Task directions:
The data below contains pictures, which are to be skipped; the lines starting at the line with "Dimensions: Ø60cm - Base" and ending at the line with "RGBイルミネーションケーブル 光る充電ケーブル 3type" are to be output exactly, both ends included.

START Source information

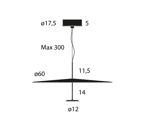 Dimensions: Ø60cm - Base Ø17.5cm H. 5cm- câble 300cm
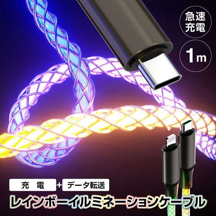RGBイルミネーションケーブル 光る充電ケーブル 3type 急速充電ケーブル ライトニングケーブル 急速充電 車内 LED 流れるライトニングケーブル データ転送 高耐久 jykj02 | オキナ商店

END Source information
START Source information

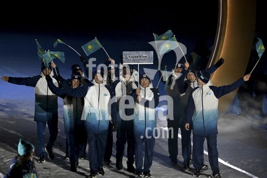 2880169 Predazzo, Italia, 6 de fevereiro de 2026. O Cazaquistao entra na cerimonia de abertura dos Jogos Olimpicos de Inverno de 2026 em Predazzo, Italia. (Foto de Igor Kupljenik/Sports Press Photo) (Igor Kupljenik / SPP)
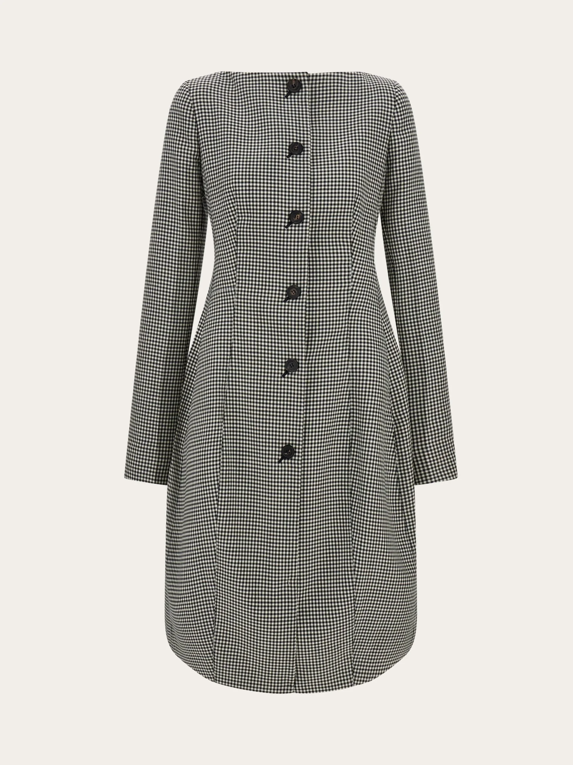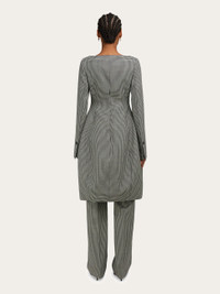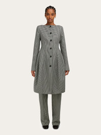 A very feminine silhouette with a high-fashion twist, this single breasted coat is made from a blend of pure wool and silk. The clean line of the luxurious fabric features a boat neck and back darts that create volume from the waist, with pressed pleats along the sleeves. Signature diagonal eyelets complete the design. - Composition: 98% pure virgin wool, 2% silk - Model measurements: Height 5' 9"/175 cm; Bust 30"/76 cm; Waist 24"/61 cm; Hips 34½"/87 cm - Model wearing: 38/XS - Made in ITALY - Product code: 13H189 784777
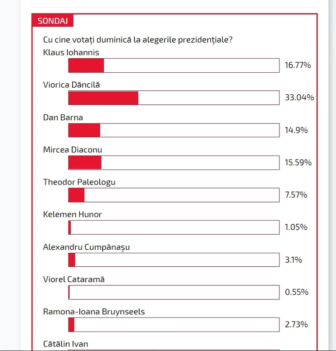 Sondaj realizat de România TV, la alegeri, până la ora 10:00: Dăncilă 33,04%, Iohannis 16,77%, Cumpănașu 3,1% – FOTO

END Source information

Written answer:
 Dimensions: Ø60cm - Base Ø17.5cm H. 5cm- câble 300cm
RGBイルミネーションケーブル 光る充電ケーブル 3type 急速充電ケーブル ライトニングケーブル 急速充電 車内 LED 流れるライトニングケーブル データ転送 高耐久 jykj02 | オキナ商店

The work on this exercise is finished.